West Best
Arrest GVEA, 4 mei 2005, zaak T-22/04. Reemark tegen OHIM/Bluenet. Oppositie o.g.v. ouder nationaal Duits merk WEST tegen CTM aanvraag voor het woordmerk WESTLIFE (inderdaad, van de boyband). Aardige uitspraak, vooral omdat het OHIM vanaf nu gewoon bezwaar mag maken tegen zijn eigen beslissingen.
"Anders dan het BHIM in zijn memorie van antwoord stelt, volgt uit de rechtspraak niet dat het BHIM tot verwerping van een beroep tegen een beslissing van een van zijn kamers van beroep dient te concluderen...Het BHIM kan dus, zonder het voorwerp van het geding te wijzigen, concluderen tot toewijzing van de vordering van één van de andere partijen, naar zijn keuze, en argumenten voordragen tot staving van de door die partij aangevoerde middelen. Daarentegen kan het niet autonoom de vernietiging vorderen of middelen tot vernietiging voordragen die niet door de andere partijen zijn aangevoerd."
De jongens van Westlife komen er minder goed af. De oppositie tegen hun CTM wordt toegewezen.

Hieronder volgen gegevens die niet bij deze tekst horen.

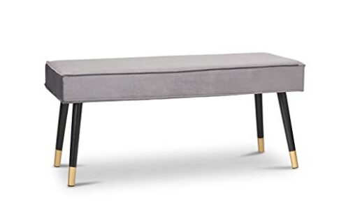 LIFA LIVING Panca per Interni, Panca in Legno e Velluto per appoggiare Vestiti e Scarpe, Ottomana Imbottita per Camera da Letto e Soggiorno, per 2 Persone (Grigio)
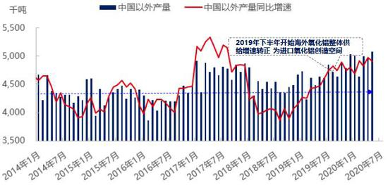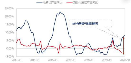 图:中国内外电解铝产能增速出现明显劈叉
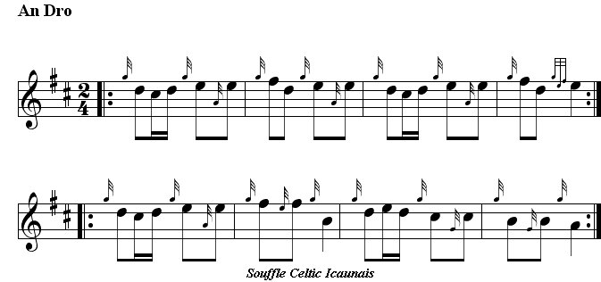 《An Dro》是为苏格兰风笛整理的an dro乐谱。此乐谱来自瓦纳地区。此曲为传统音乐。
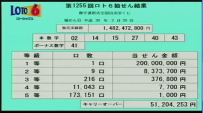 << 第1256回ロト6当選速報
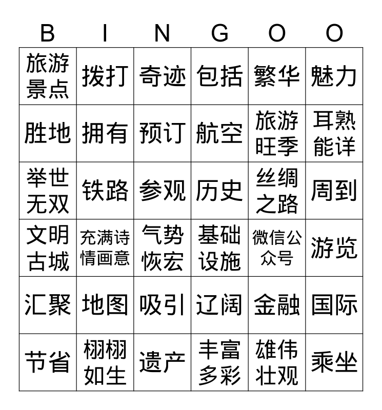 This bingo card has 36 words: 辽阔, 吸引, 丰富多彩, 胜地, 文明古城, 历史, 拥有, 遗产, 繁华, 金融, 耳熟能详, 包括, 国际, 铁路, 航空, 旅游景点, 汇聚, 丝绸之路, 举世无双, 奇迹, 参观, 充满诗情画意, 基础设施, 气势恢宏, 微信公众号, 拨打, 旅游旺季, 栩栩如生, 预订, 魅力, 乘坐, 节省, 游览, 周到, 地图 and 雄伟壮观.

GvEA merkt o.a. op dat combinaties beschouwd kunnen worden als een variant. "Anderzijds moet worden vastgesteld dat het bestaan van het oudere merk West bij het relevante publiek een associatie zou kunnen hebben teweeggebracht tussen dit woord en de door de eigenaar van het merk verkochte waren, zodat elk nieuw merk bestaande uit dit woord in combinatie met een ander woord het gevaar loopt te worden beschouwd als een variant op het oudere merk. Derhalve zij opgemerkt, dat het relevante publiek zou kunnen menen dat de onder het merk Westlife verkochte waren en diensten dezelfde herkomst hebben als die welke onder het merk West worden verkocht, of dat er ten minste een economische band bestaat." Lees arrest.
Arrest GvEA, 4 mei 2005, zaak T-359/02. Chum tegen OHIM+Star TV. Oppositiezaak. Oudere IR beeldmerk Star TV tegen CTM aanvraag voor het woordmerk Star TV. GVeA wijst oppositie toe.

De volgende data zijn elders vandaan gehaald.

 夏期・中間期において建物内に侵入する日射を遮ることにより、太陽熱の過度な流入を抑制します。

De NOS eist via het Commissariaat voor de Media dat zij alsnog beelden van het eredivisievoetbal mag uitzenden. Die uitzendrechten zijn in december door de gezamenlijke voetbalclubs verkocht aan Talpa, het mediabedrijf van John de Mol. De NRC bericht dat de NOS volgens de CvdM een beroep doet op het voorkeursrecht dat is vastgelegd in de Mediawet en verschillende verwante besluiten. Daarin staat dat de NOS in staat moet worden gesteld actuele sportverslaggeving te verzorgen van beker- en competitievoetbal. Hoe dat recht precies geïnterpreteerd moet worden, is nog niet duidelijk, aldus woordvoerder Bijvank van het commissariaat. Klinkt boeiend. Wat zou het worden, een nieuwsexceptie, een visueel citaatrecht of een auteursrechtelijke dwanglicentie?